## Raw data
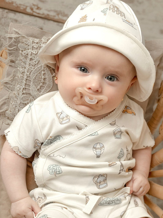 Conjunto Primeiro Verão: kimono + chapéu para pequenos.
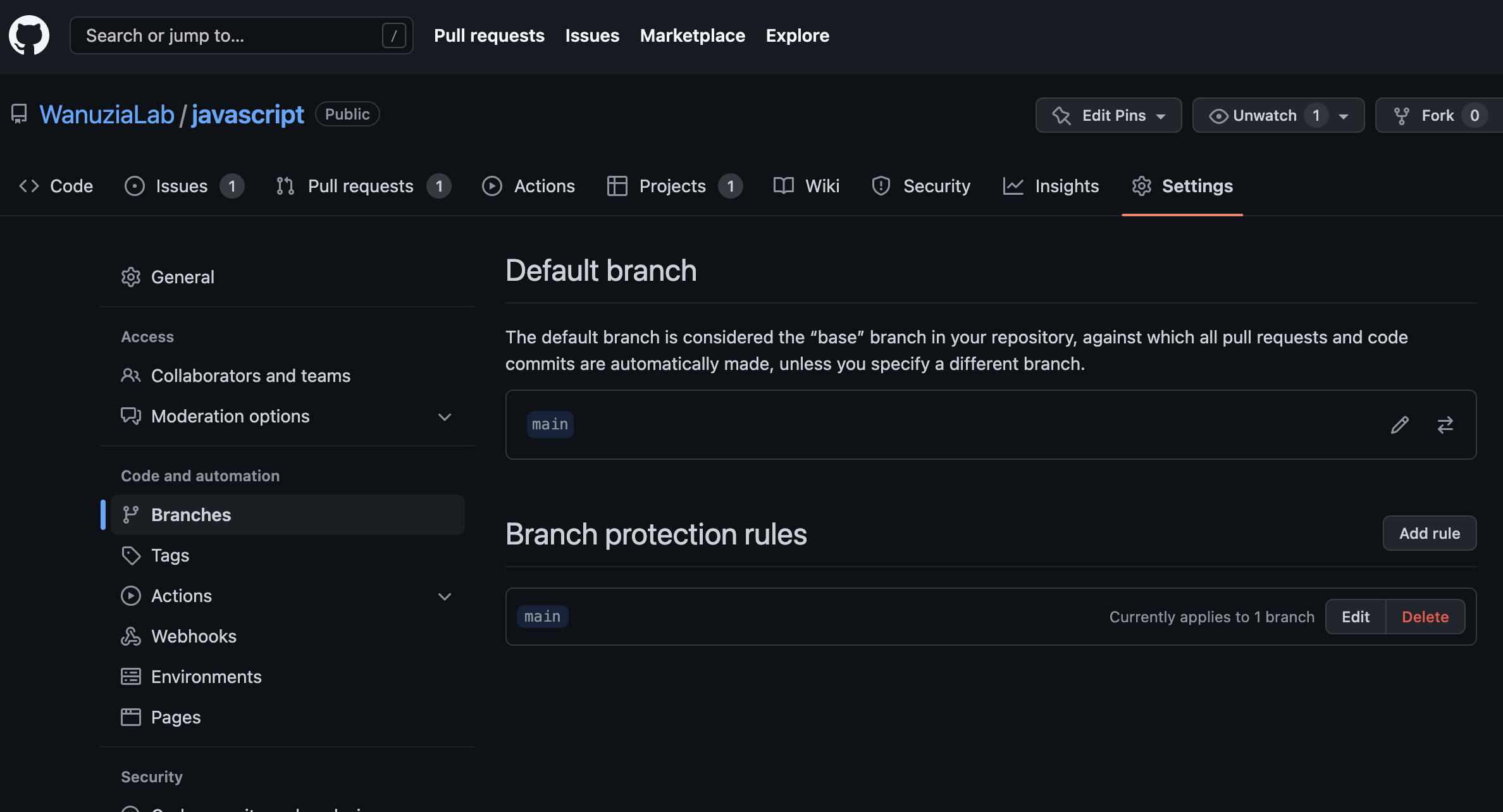 Seria ir em: https://github.com/WanuziaLab/javascript/settings/branches
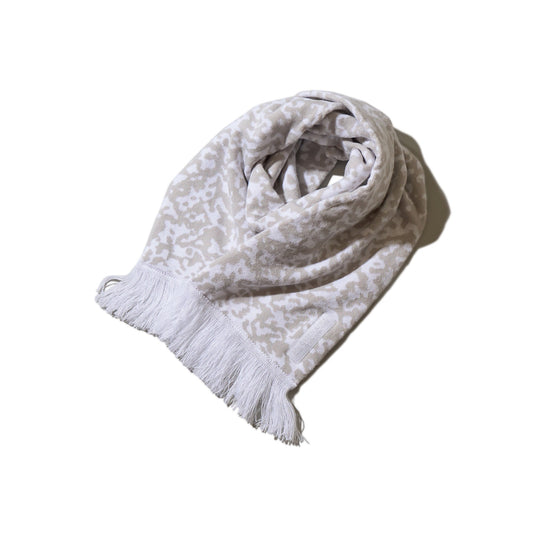 ジャガードニット織りで砂嵐のような柄を再現したマフラー。
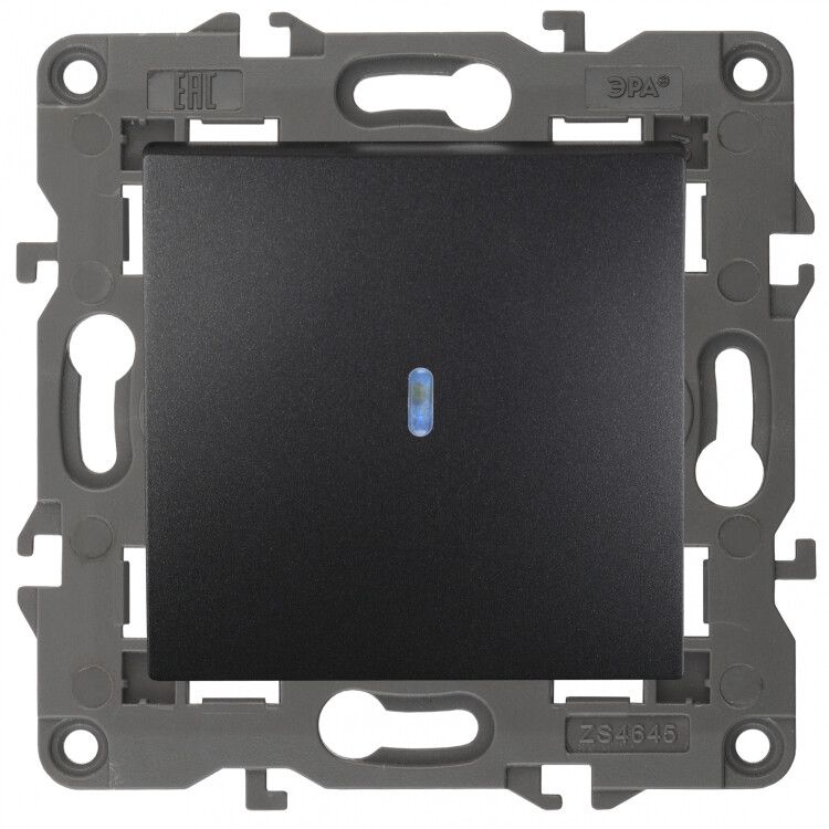 Выключатель одноклавишный, в рамку (скрытого монтажа) с подсветкой антрацит 10А 250В автоматические (безвинтовые) зажимы ЭРА Elegance 14-1102-05 - Б0034219

## Work request
Nothing but the pictures may be dropped; restate the material word for word.

## Task answer
 Conjunto Primeiro Verão: kimono + chapéu para pequenos.
 Seria ir em: https://github.com/WanuziaLab/javascript/settings/branches
 ジャガードニット織りで砂嵐のような柄を再現したマフラー。
 Выключатель одноклавишный, в рамку (скрытого монтажа) с подсветкой антрацит 10А 250В автоматические (безвинтовые) зажимы ЭРА Elegance 14-1102-05 - Б0034219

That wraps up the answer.